### [SOURCE MATERIAL]
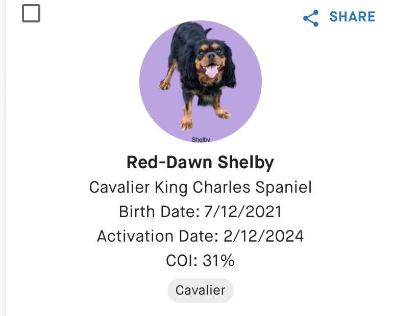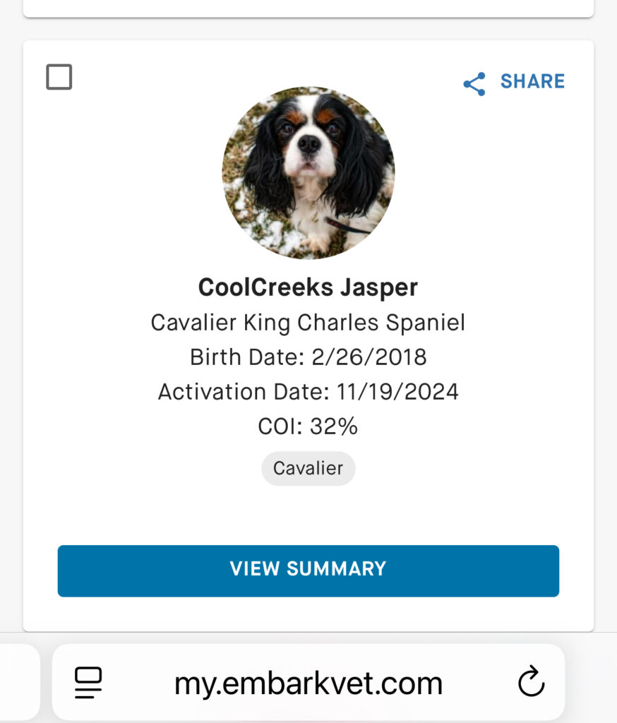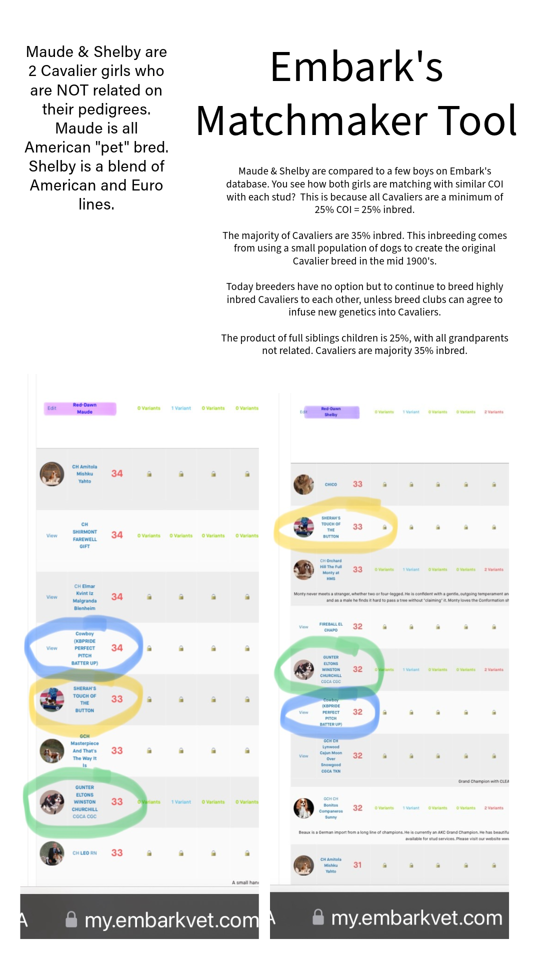 Embark’s Matchmaker Tool can suggest low or high COI pairing for a breeding dog. This is a valuable tool to know if a potential match is a good pairing choice. Gone are the days of looking at a written pedigree to decide if the potential parents are too closely related. DNA now tells us actual inbreeding of our dogs and their potential offspring. In this visual example Jasper is paired with multiple girls. The settings were for the lowest and highest inbreeding of options of thousands of Cavaliers profiled by Embark.
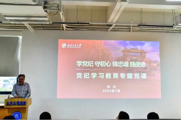 纪律是管党治党的“戒尺”,也是党员、干部约束自身行为的标准和遵循。2024年7月3日下午,中国工程院院士、太阳集团tyc234cc党委常委、副校长何川应邀参加太阳成tyc234cc“学党纪、守初心、铸忠魂、践使命”主题党日活动。活动由地下工程系教工党支部和2023级硕士隧道党支部联合举办,地下工程系教工党支部书记周佳媚教授主持。
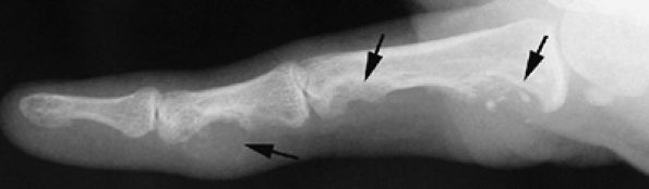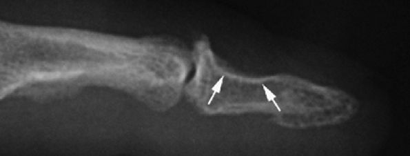 FIGURE 11.115 ● Mucoid pseudocyst. Lateral view radiograph showing distal interphalangeal joint osteoarthritis with bone pressure erosion (arrows) of the dorsal aspect of the distal phalanx.
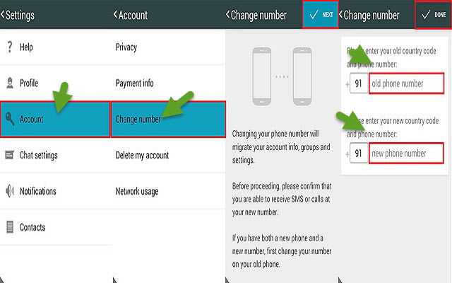 في حالة ما كنت تمتلك رقم جديد وتريد تبديل الرقم الحالي الخاص بك على الواتساب فتقوم بالذهاب إلى خيار options واختيار الإعدادات settings ثم الضغط على account وأخير الضغط على change number ثم تقوم بإدخال الرقم القديم والجديد .
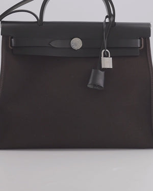 Hermès Herbag 31 Zip Bag in Ebene Toile Militaire Canvas and Black Vache Hunter Leather with Palladium Hardware
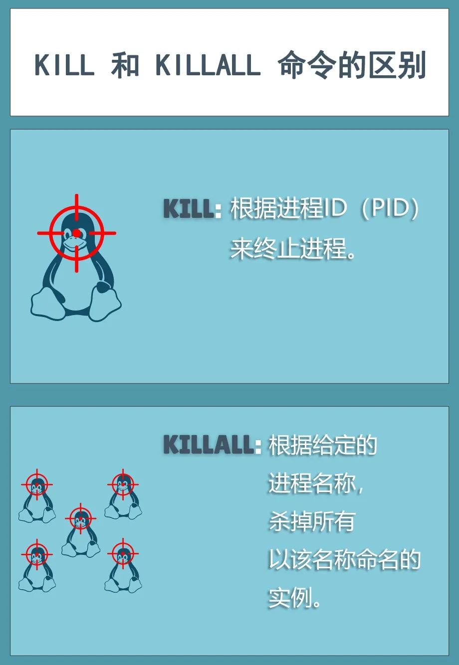 简单地说,kill 命令与 PID(通常是单个 PID)一起使用,killall 命令与进程名称一起使用,并使用进程名称杀死所有进程。
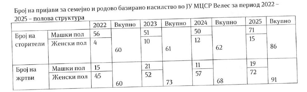 Според податоците што ги добивме од СВР Велес, во текот на 2025 година од пријавените кривични дела во областа на семејно насилство, како жртви се јавуваат 31 жртва од женски пол и 24 жртви од машки пол, а од наведените, 12 женски лица се деца и 13 машки лица се деца. Според националноста на жртвите, 74 лица се Македонци, 23 лица се Роми, 8 лица се Бошњаци, а Албанци се две лица. Поднесени се два предлога за мерки до Основен суд и изречени се 37 мерки за заштита по предлог на Центарот за социјални работи. Во Центарот за привремен престој на жртви од семејно насилство во текот на 2024 година биле сместени две лица, а во текот на 2025 година едно лице.
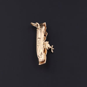 This vintage pendant (circa 1970-1980) features an aircraft carrier of 14k gold.
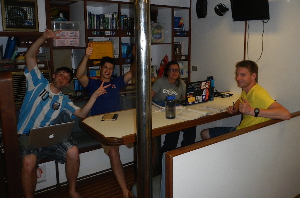 This morning was a crazy one! We raised the anchor at 7 in the morning and began to travel from Savannah Bay to Mountain Point. We had all hands on deck as our morning began quickly. Breakfast was once again at 7:30, and once again, delicious! After our short trip over, the Open Water divers (those who are currently taking the Open Water PADI course) began to set up their equipment and departed for their first open water dives!! Those who had already achieved the Open Water certification had a more relaxing morning; some read, napped, played Bananagrams, filled scuba tanks, and a whole assortment of other fun activities! We then had lunch at 12:30, and the already scuba-certified members of our fun group got to go out and do two 20 min. Dives. The entire group then cleaned and put the loose gear away as we began to set sail for North Sound, and I was fortunate enough to pilot us there. Upon our arrival, we all quickly made things ready and had our amazing lasagna dinner! Later, we went to our Intro to a Leadership course and discussed getting around Argo and passage life. Well, that’s all for today!! -Connor M., skipper of the day
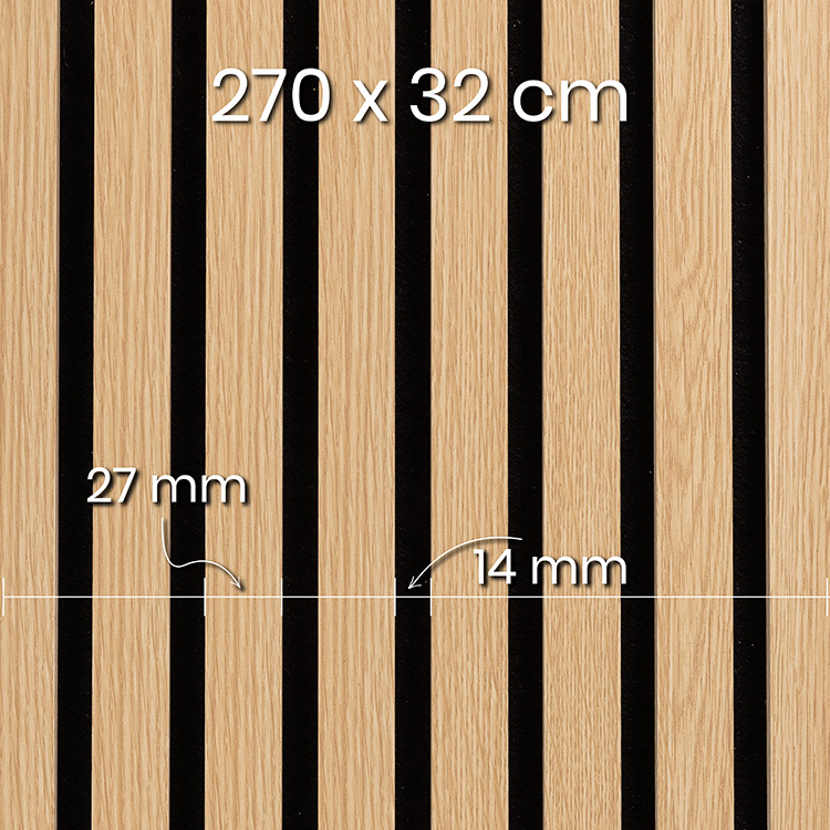 Akustyczne lamele na czarnym, mocnym filcu są wytrzymałe, ale na tyle elastyczne, aby można było je swobodnie dopasować do przestrzeni i bezproblemowo zamontować. Mają wymiary 270 x 32 cm. Możliwości montażu jest wiele także ze względu na możliwość przycięcia lameli.

### [EXERCISE]
Return all of the entries word for word, but omit the pictures.

### [WRITTEN SOLUTION]
 Embark’s Matchmaker Tool can suggest low or high COI pairing for a breeding dog. This is a valuable tool to know if a potential match is a good pairing choice. Gone are the days of looking at a written pedigree to decide if the potential parents are too closely related. DNA now tells us actual inbreeding of our dogs and their potential offspring. In this visual example Jasper is paired with multiple girls. The settings were for the lowest and highest inbreeding of options of thousands of Cavaliers profiled by Embark.
 纪律是管党治党的“戒尺”,也是党员、干部约束自身行为的标准和遵循。2024年7月3日下午,中国工程院院士、太阳集团tyc234cc党委常委、副校长何川应邀参加太阳成tyc234cc“学党纪、守初心、铸忠魂、践使命”主题党日活动。活动由地下工程系教工党支部和2023级硕士隧道党支部联合举办,地下工程系教工党支部书记周佳媚教授主持。
 FIGURE 11.115 ● Mucoid pseudocyst. Lateral view radiograph showing distal interphalangeal joint osteoarthritis with bone pressure erosion (arrows) of the dorsal aspect of the distal phalanx.
 في حالة ما كنت تمتلك رقم جديد وتريد تبديل الرقم الحالي الخاص بك على الواتساب فتقوم بالذهاب إلى خيار options واختيار الإعدادات settings ثم الضغط على account وأخير الضغط على change number ثم تقوم بإدخال الرقم القديم والجديد .
 Hermès Herbag 31 Zip Bag in Ebene Toile Militaire Canvas and Black Vache Hunter Leather with Palladium Hardware
 简单地说,kill 命令与 PID(通常是单个 PID)一起使用,killall 命令与进程名称一起使用,并使用进程名称杀死所有进程。
 Според податоците што ги добивме од СВР Велес, во текот на 2025 година од пријавените кривични дела во областа на семејно насилство, како жртви се јавуваат 31 жртва од женски пол и 24 жртви од машки пол, а од наведените, 12 женски лица се деца и 13 машки лица се деца. Според националноста на жртвите, 74 лица се Македонци, 23 лица се Роми, 8 лица се Бошњаци, а Албанци се две лица. Поднесени се два предлога за мерки до Основен суд и изречени се 37 мерки за заштита по предлог на Центарот за социјални работи. Во Центарот за привремен престој на жртви од семејно насилство во текот на 2024 година биле сместени две лица, а во текот на 2025 година едно лице.
 This vintage pendant (circa 1970-1980) features an aircraft carrier of 14k gold.
 This morning was a crazy one! We raised the anchor at 7 in the morning and began to travel from Savannah Bay to Mountain Point. We had all hands on deck as our morning began quickly. Breakfast was once again at 7:30, and once again, delicious! After our short trip over, the Open Water divers (those who are currently taking the Open Water PADI course) began to set up their equipment and departed for their first open water dives!! Those who had already achieved the Open Water certification had a more relaxing morning; some read, napped, played Bananagrams, filled scuba tanks, and a whole assortment of other fun activities! We then had lunch at 12:30, and the already scuba-certified members of our fun group got to go out and do two 20 min. Dives. The entire group then cleaned and put the loose gear away as we began to set sail for North Sound, and I was fortunate enough to pilot us there. Upon our arrival, we all quickly made things ready and had our amazing lasagna dinner! Later, we went to our Intro to a Leadership course and discussed getting around Argo and passage life. Well, that’s all for today!! -Connor M., skipper of the day
 Akustyczne lamele na czarnym, mocnym filcu są wytrzymałe, ale na tyle elastyczne, aby można było je swobodnie dopasować do przestrzeni i bezproblemowo zamontować. Mają wymiary 270 x 32 cm. Możliwości montażu jest wiele także ze względu na możliwość przycięcia lameli.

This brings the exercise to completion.